The state of Iowa lists it as an endangered species, with only a single remnant population in the Loess Hills region. In Canada it is listed as a species of special concern due to steady declines since the 1930s, largely from large-scale habitat loss from cultivation and road mortality.

==Subspecies==
Crotalus viridis nuntius Klauber, 1935,
the Hopi rattlesnake, inhabits the United States from northeastern and north-central Arizona, from the New Mexico border to Cataract Creek, including the Little Colorado River basin, the southern section of the Apache Indian Reservation, the Hopi Reservation, and the Coconino Plateau from the southern rim of the Grand Canyon to US Highway 66 in the south.

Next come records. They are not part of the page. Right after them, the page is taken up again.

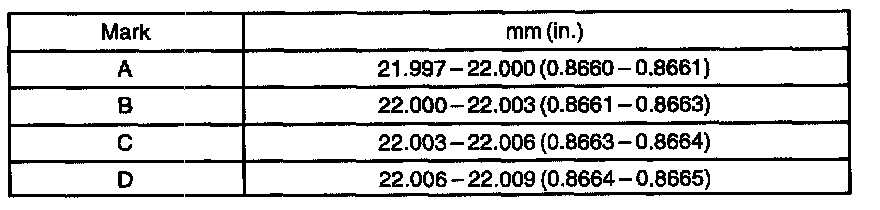 Piston pin diameter: 21.997 - 22.009 mm (0.8660 - 0.8665 inch)
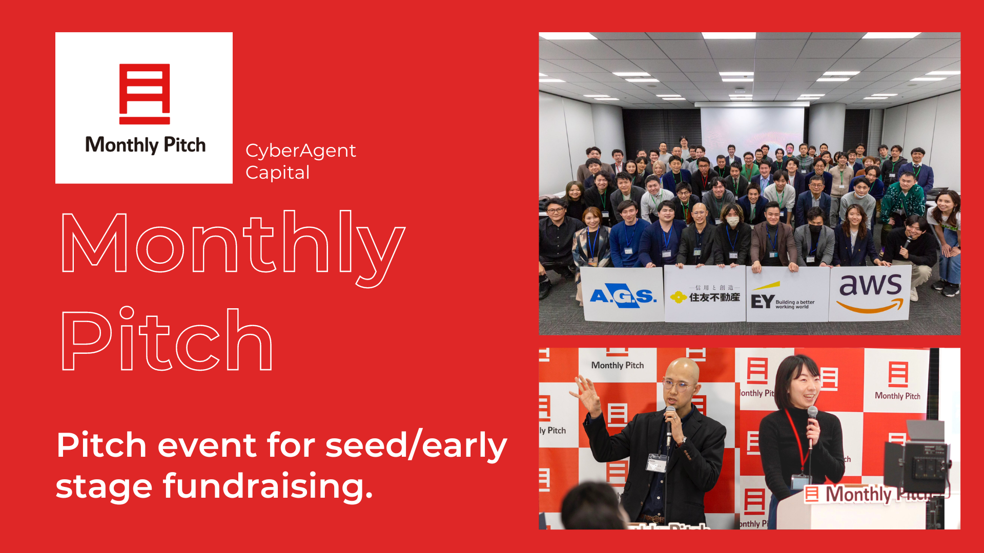 Monthly Pitchとは、創業期(シード・アーリー)の資金調達のための各月開催のピッチイベントです。スタートアップは選抜制、投資家(著名VC・エンジェル)は完全招待制です。
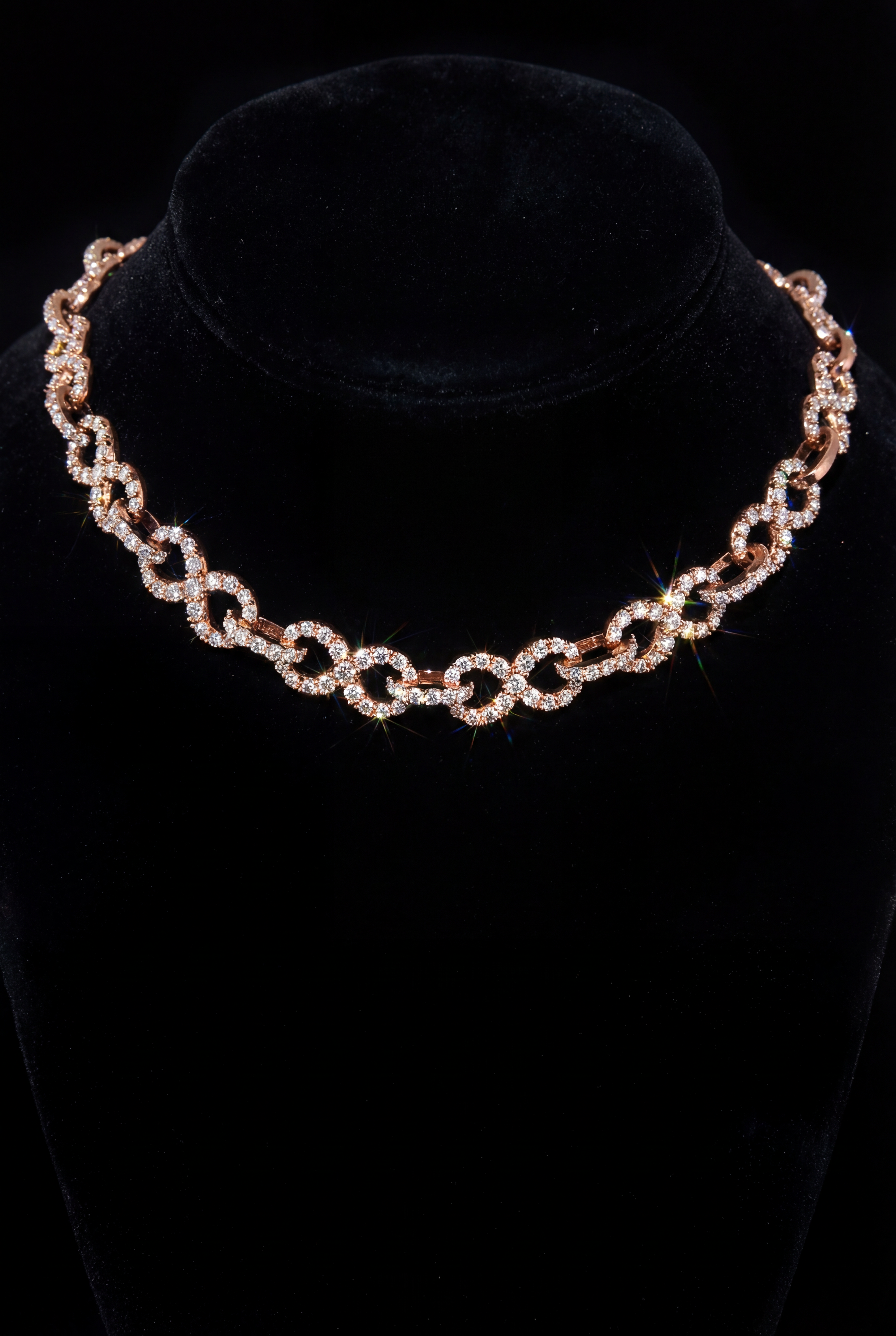 Rose Gold Diamond infinity Link Necklace – High-End Fully Iced Chain”

Crotalus viridis viridis (Rafinesque, 1818), the prairie rattlesnake, inhabits the North American Great Plains from the Rocky Mountains to 96° W and from southern Canada to extreme northern Mexico, including southwestern Saskatchewan, southeastern Alberta, eastern Washington, Idaho in the Lemhi Valley, Montana east of the higher Rockies, southwestern North Dakota, west, central and extreme southeastern South Dakota, western Iowa, central and western Nebraska, Wyoming except for the Rockies, Colorado, central and western Kansas, Oklahoma, extreme southeastern Utah, northeastern Arizona, New Mexico, western and southwestern Texas, northeastern Sonora, northern Chihuahua, northern Coahuila.